The supermax conversation is a fraught one, not just for Portland, but for the other teams around the league who have faced it, and those who will down the road. Designed as a way to keep stars with the teams that drafted them, it has instead forced players who want to leave to ask out before the extension negotiations even happen (like Paul George), forced teams to preemptively trade players who were likely to leave (DeMarcus Cousins), seen teams trade players after they signed the deal (Blake Griffin), or hampered teams to the point that building around said player becomes like solving a Rubik’s cube with a blindfold on. Take the Wizards. They gave John Wall a supermax extension in 2017, and then he injured his Achilles in February and may not play next season (or be fully himself on the court ever again)—all as his supermax is set to kick in this fall, which will have him making over $47 million by 2022. It’s a precarious situation, both for the team that’s saddled with such a contract, and for the player who has to somehow play up to the unrealistic expectations of such a gaudy deal. But the Blazers don’t seem to have much of a choice.

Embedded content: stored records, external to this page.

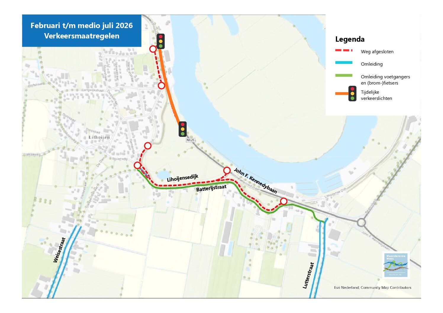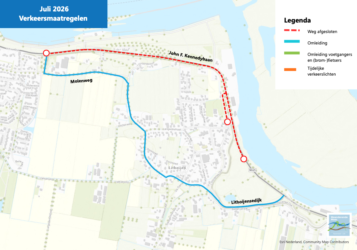 De Lithoijensedijk ten zuiden van Lithoijen, parallel aan de Batterijstraat, gaat begin juli 2026 weer open voor verkeer. Zo blijft Lithoijen bereikbaar tijdens voorgenoemde afsluiting.
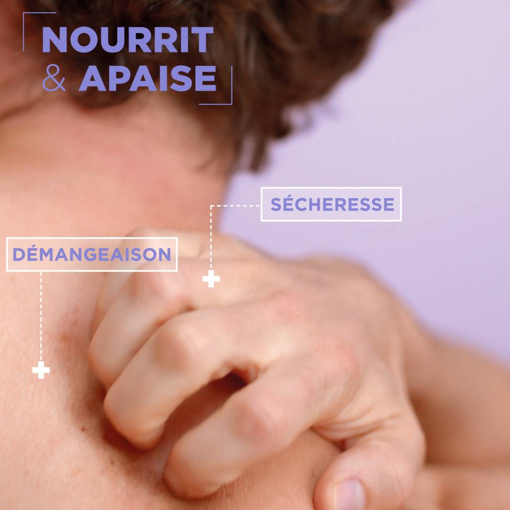 Appliquer sur peau légèrement humide après la douche, en massant jusqu’à absorption. Une seconde application dans la journée peut être utile en cas de sécheresse persistante ou d’inconfort localisé.
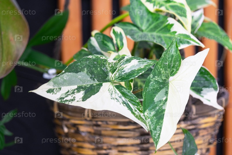Разноцветные листья Императорского Белого сингония крупным планом в плетеном горшке на фоне стойки в стиле лофт
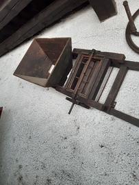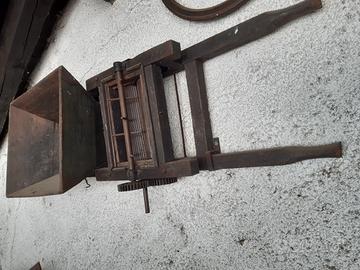 Vendo affascinante diraspatrice in legno risalente ai primi del '900, perfettamente conservata e sempre custodita al chiuso. L'oggetto si presenta in uno stato eccellente, ideale per esposizione o come pezzo da collezione. Questo pezzo è particolarmente adatto per l'esposizione in cantine, agriturismi o spazi dedicati al mondo del vino. La macchina è completa di tutti i suoi componenti originali.

There are a couple of unknown factors as to the effect Lillard’s extension would have on the Blazers over the next few seasons, namely that we’re not sure what the cap will look like two, three, or five years from now. A cap rise over the span of Lillard’s would-be contract is likely, but will it be incremental, or a high jump like it was in the summer of 2016? That will determine what percentage of the Blazers’ cap the supermax would take up, and subsequently how much of a roadblock it would become in team building. Another factor is the sale of the team, which is reportedly likely to happen sometime in the next few years, since owner Paul Allen died in 2018. The Lillard extension may be part of the package the forthcoming ownership will have to deal with. Then again, locking down Lillard could also be a way to show stability and lure in another high-level player to the team.

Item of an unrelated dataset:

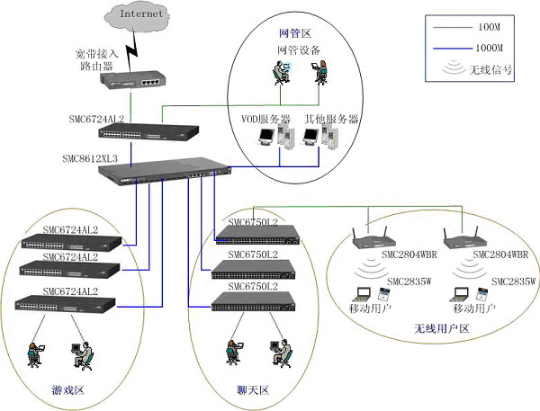 本方案采用"千兆光纖干線,百兆交換到桌面"的設(shè)計思路,各骨干線路均為1000M。骨干網(wǎng)通過高速線路接入INTERNET,網(wǎng)吧內(nèi)實(shí)現(xiàn)主干千兆交換、百兆到點(diǎn),整個網(wǎng)吧內(nèi)實(shí)現(xiàn)無阻塞通信。根據(jù)顧客的不同消費(fèi)需求,將網(wǎng)吧分為了網(wǎng)絡(luò)游戲區(qū)、聊天區(qū)、貴賓區(qū)等,根據(jù)不同區(qū)域的特點(diǎn),細(xì)化了不同網(wǎng)絡(luò)的解決方案。方案中采用的核心設(shè)備和二層設(shè)備都支持802.1Q標(biāo)準(zhǔn)VLAN和IGMP組播協(xié)議,為VOD、多媒體娛樂等豐富應(yīng)用的開展打下了堅實(shí)的基礎(chǔ) 。通過劃分VLAN,MAC地址綁定來劃分了不同類型用戶,很好地滿足網(wǎng)吧的各項(xiàng)業(yè)務(wù)應(yīng)用需求。此外,SMC的豐富無線網(wǎng)絡(luò)產(chǎn)品可以很靈活的滿足網(wǎng)吧的組網(wǎng)需求,投資少、施工快。在提供高性能的同時,還保證很好的安全性,既支持基于802.11b標(biāo)準(zhǔn)的安全機(jī)制,又支持動態(tài)安全鏈路,以及基于802.1x的增強(qiáng)性安全或認(rèn)證功能。
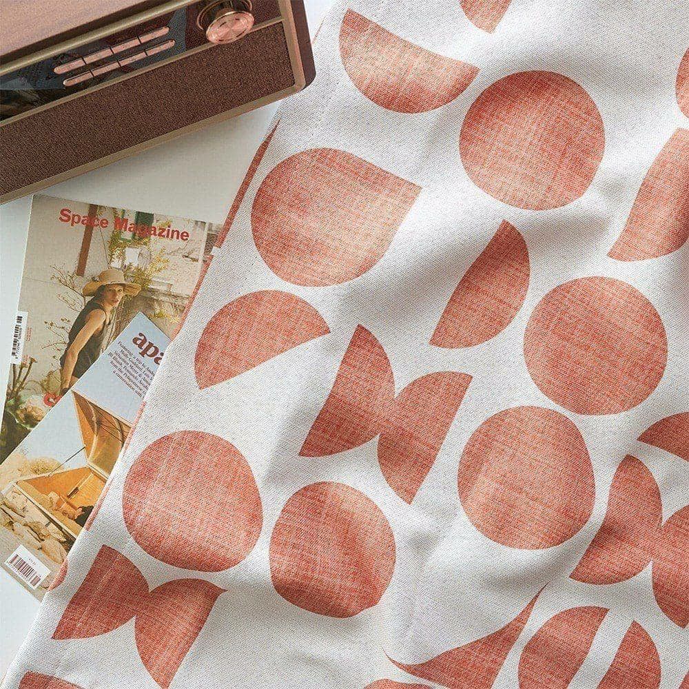 円、半円をランダムにアレンジしたシンプルな幾何学柄デザインです。エモさと取り入れやすさを重視し、オレンジカラーを採用。彩度を抑えたナチュラルカラーにし、部屋馴染みよく仕上げています。若干かすれたカラーリングもレトロみ満載。シンプルな中にも味のある雰囲気を醸し出すようなこだわりを詰め込みました。

Regardless, the onus will fall on the front office and general manager Neil Olshey to figure out how to shape the surrounding roster—most importantly, how to add a reliable wing or stretch big (sorry, Meyers Leonard). Portland has little organic room for improvement next season, outside of hitting on a lucky draft pick (Anfernee Simons’s skill level is still TBD), a certain free agent falling in love with the Portland coffee scene, or a drastic move like trading a core player. Then comes the question of whether Zach Collins or C.J. McCollum is an attractive enough option to put in a deal to get a better piece.

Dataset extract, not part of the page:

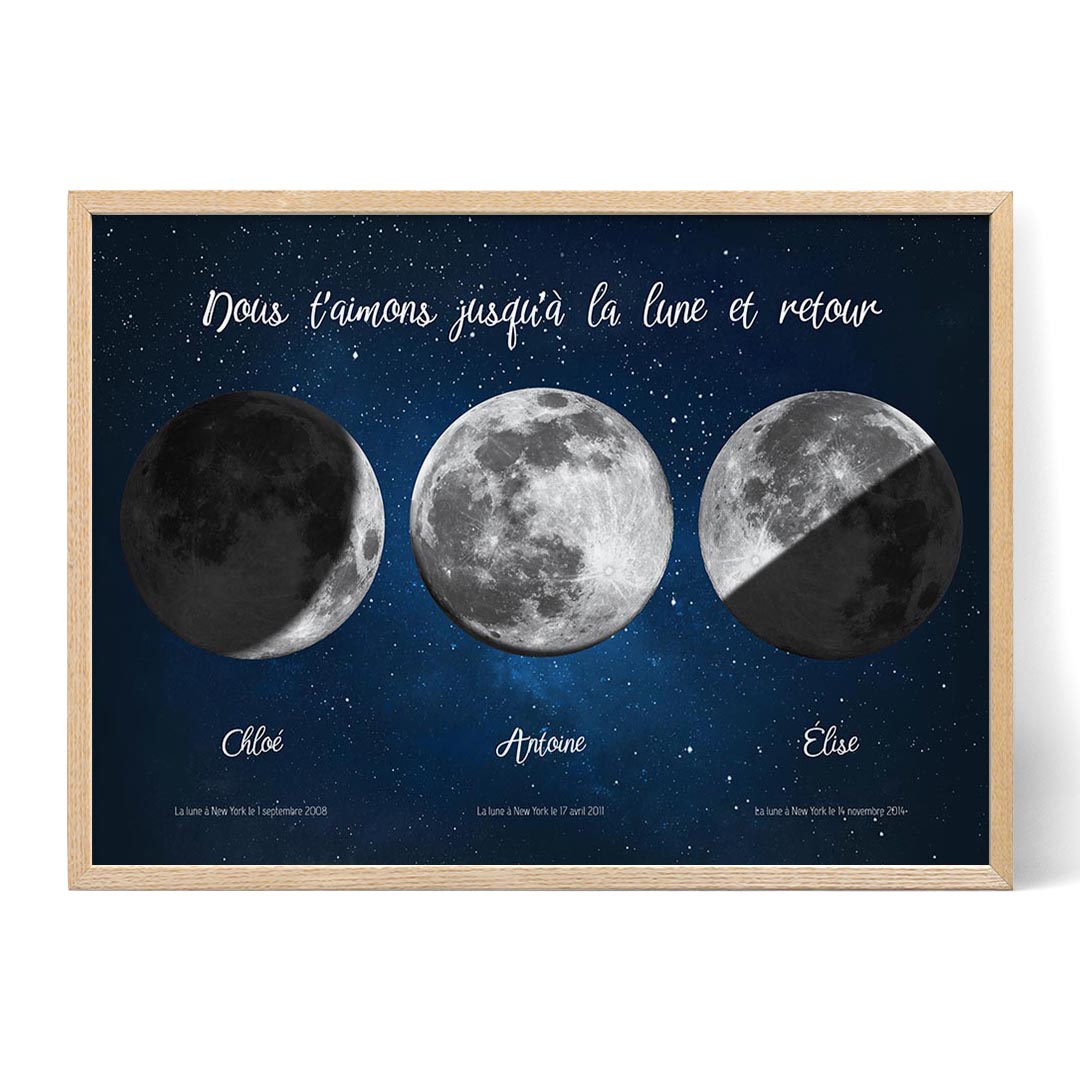 Après avoir défini le titre, entrez les dates et les lieux pour afficher les phases de la lune correspondant aux dates de naissance de chaque enfant. En dessous de chaque phase de la lune, vous pouvez ajouter des noms, des dates de naissance ou tout autre texte pour la personnaliser encore plus. Enfin, choisissez le format de votre œuvre. Nous proposons divers formats et styles, y compris des affiches imprimées ou encadrées, des toiles et des téléchargements numériques instantanés.

No matter how you slice it, though, the question of Portland’s backcourt is what we always seem to return to, if only because McCollum is the most valuable non-Lillard piece the Blazers have. While they’re a dynamite duo in their own right, for as long as Lillard and McCollum remain in their prime, Klay Thompson and Steph Curry will likely be in theirs too. And even if the Lillard-McCollum twosome can come close to matching the Warriors’ backcourt on a good day, Portland needs—and really, for years has needed—something else to push it over the top. In an ideal world, that would come as an addition to Lillard and McCollum, but with money constraints on the horizon, the Blazers may not be able to afford running it back.